The major U.S. indices overcame early weakness last week to post across-the-board gains. The advance was led by the tech-heavy Nasdaq 100, which gained 2.9%, although the market-leading index is still down 7.3% for 2016.
The rebound followed a successful test of underlying support at 1,821 in the benchmark S&P 500, which I discussed in last week's Market Outlook. This is an important intermediate-term decision point for the broader market. From here a new one- or two-quarter advance should begin if the current decline is just a correction within a larger bull market. But I am not yet convinced this is the case.
From a sector standpoint, last week's rally was led by technology, which gained 2.6%. However, a look under the hood via Asbury Research's investor asset flows-based metric shows the percentage of sector bet-related assets being invested in technology has actually been contracting since December. So, unless this quickly changes to a trend of expansion, the recent sector outperformance is likely to be short lived.
Keep Support Must Hold Or Watch Out Below
The chart below shows the S&P 500 testing and holding underlying support at 1,821 on Wednesday. It then rebounded by 5.2% to finish the week at 1,907. As you can see, 1,821 is the October 2014 low. It is also the place from which the 2009 uptrend should resume if it is still healthy and intact.
But on the other hand, a sustained breakdown below 1,821 would clear the way for a deeper decline to 1,738, which represents the February 2014 low and the March 2009 uptrend line. A fall to that level would represent a 19% correction from the index's all-time high, made in May.
Key A Close Eye On Investor Fear Gauges
One sign that a sustainable bottom may be in place at last week's lows is the CBOE Put/Call Ratio. As the name implies, this metric measures put volume relative to call volume and is an indicator of the level of investor fear.

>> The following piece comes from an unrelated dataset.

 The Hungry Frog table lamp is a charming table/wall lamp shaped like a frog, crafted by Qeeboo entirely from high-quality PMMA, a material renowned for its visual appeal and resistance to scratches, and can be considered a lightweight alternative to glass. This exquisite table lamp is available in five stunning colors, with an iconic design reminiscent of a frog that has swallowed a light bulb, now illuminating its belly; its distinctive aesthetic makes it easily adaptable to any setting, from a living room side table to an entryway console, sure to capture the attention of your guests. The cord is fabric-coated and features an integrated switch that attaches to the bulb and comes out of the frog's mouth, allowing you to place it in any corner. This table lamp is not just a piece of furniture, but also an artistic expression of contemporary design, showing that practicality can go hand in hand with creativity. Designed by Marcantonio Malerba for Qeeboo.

The ratio is currently hovering at a historic bearish extreme. Similar readings have coincided with every near-term bottom in the S&P 500 during the past year.
Unless we have entered a bear market, this metric suggests that 1,821 should continue to hold as underlying support and become the starting point for the next meaningful advance.

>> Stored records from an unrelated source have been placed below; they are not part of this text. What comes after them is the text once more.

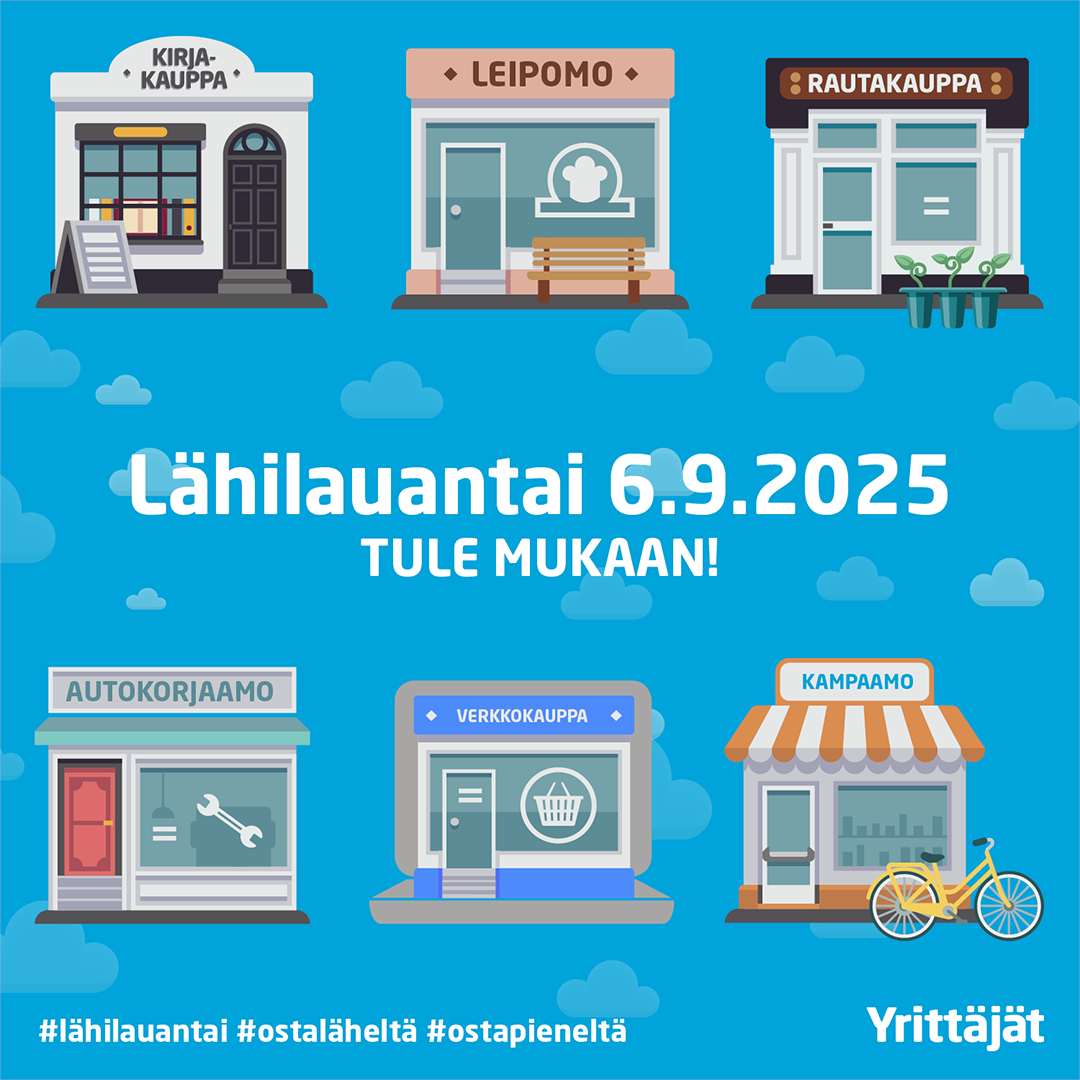 Yrittäjä, lähde mukaan Lähilauantaihin! Osallistuminen on helppoa. Hyödynnä alta löytyviä valmiita materiaaleja somessa tai tulosta printtimateriaaleja liikkeeseesi. Tältä sivulta löytyvät Lähilauantai-materiaalit ovat kaikki vapaasti käytettävissäsi:
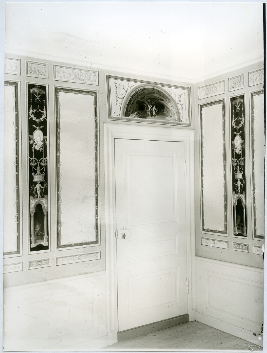 Interiör med bemålad tapet i dörröverstycke och väggfält. 1973.
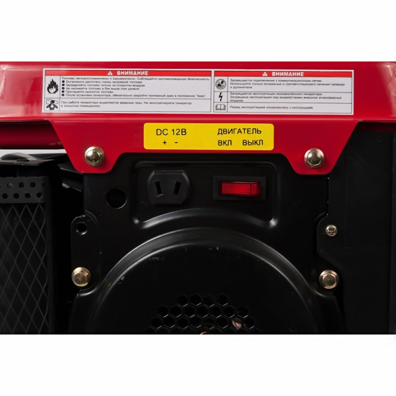 Генератор бензиновый инверторного типа DDE DPG2051i мини - используется для походов, а также в загородных домах для резервного питания электроприборов (осветительных систем, холодильников) общей мощностью не более 1 кВт. Передняя панель включает вольтметр для контроля выходного напряжения и стикер с основными параметрами и правилами эксплуатации.
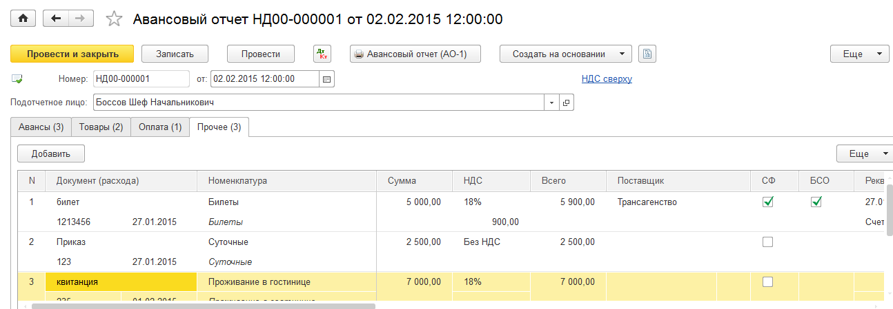 02 февраля отразите в учете авансовый отчет подотчетного лица Боссова Шефа Начальниковича:
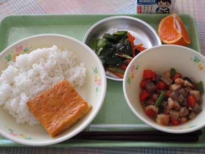 今日の給食は、主食、主菜、副菜、くだもの、乳製品の揃った「五つの輪で体力アップ献立」でした。バランスよく整えられています。残さずしっかり食べて体力アップしましょう。
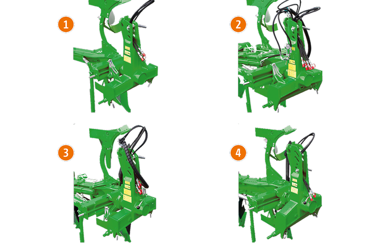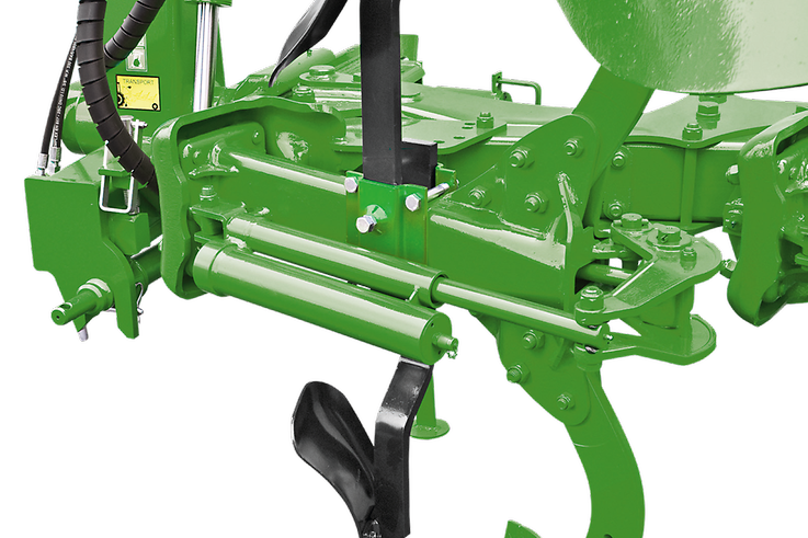 Opcjonalnie dostępne jest dopasowanie szerokości roboczej pierwszego korpusu bezpośrednio z kabiny ciągnika za pomocą siłownika hydraulicznego podwójnego działania. Zapewnia to wysoki komfort regulacji, szczególnie na zboczach, na silnie zróżnicowanych glebach lub przy częstych zmianach ciągników.
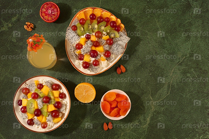 Фон кухни с фруктовыми салатами с мягким творогом, йогуртом, драконьим фруктом, киви, манго, апельсинами, орехами, апельсиновым соком и виноградом. Здоровый легкий завтрак с ингредиентами,
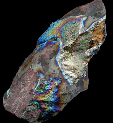 | Description: | Iridescent coating of hematite, variety turgite, on massive iron-rich matrix. The turgite has strong colors ranging from blue to purple. Under magnification the entire surface is seen to be covered with minute botryoidal crystals. |
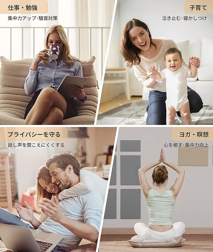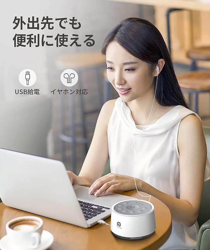 ホワイトノイズは全帯域にわたるひとつひとつの周波数をほぼ均等に持ったノイズであり、騒音を目立たなくさせるや一つの音に意識がいってしまうのを防いでくれる効果があるので、安眠しやすくなるや集中力を上げることができます。

The Volatility S&P 500 (VIX), shown on the chart below, is another way to gauge investor fear. It measures the market's expectation of 30-day volatility.
Over the past several years, moves in the VIX above its 50-day moving average, indicating a significant level of investor fear, have coincided with declines in the S&P 500.
I am watching for a sustained decline in the VIX below its 50-day moving average, now at 19.38, to help confirm last week's rebound from 1,821 support is sustainable. Until then, the broader market remains vulnerable to a deeper decline.
Gold Still Has Upside Potential
In the Dec. 28 Market Outlook, I said it was time to start paying attention to gold because I saw the first signs of positive investor asset inflows into the SPDR Gold Shares (NYSE: GLD). Since then, GLD is up nearly 2% while asset flows have continued to expand.
Total net assets invested in GLD have been above their 21-day moving average since mid-December, indicating a monthly trend of expansion like the one that fueled the September-to-October advance.
As long as this monthly trend of asset expansion continues, I expect this rally to eventually result in another test of GLD's 200-day moving average at $108.79. The 200-day is a widely watched major trend proxy that has closely defined the bear market in the ETF since February 2013. A sustained rise above the moving average would be necessary to indicate a bullish trend change rather than just another bullish correction in a three-year bear market.
Putting It All Together
Underlying support in the S&P 500 at 1,821, which was tested and held last week, is an important decision point for the broader market. This is likely where an intermediate-term advance should begin if the current decline from the November highs is just a correction in a bull market.
A sustained move below 19.38 in the VIX this week would be seen as supporting evidence that this is the case. However, a move above that level and a sustained decline below 1,821 in the S&P 500 would warn that stocks are in the midst of a bear market.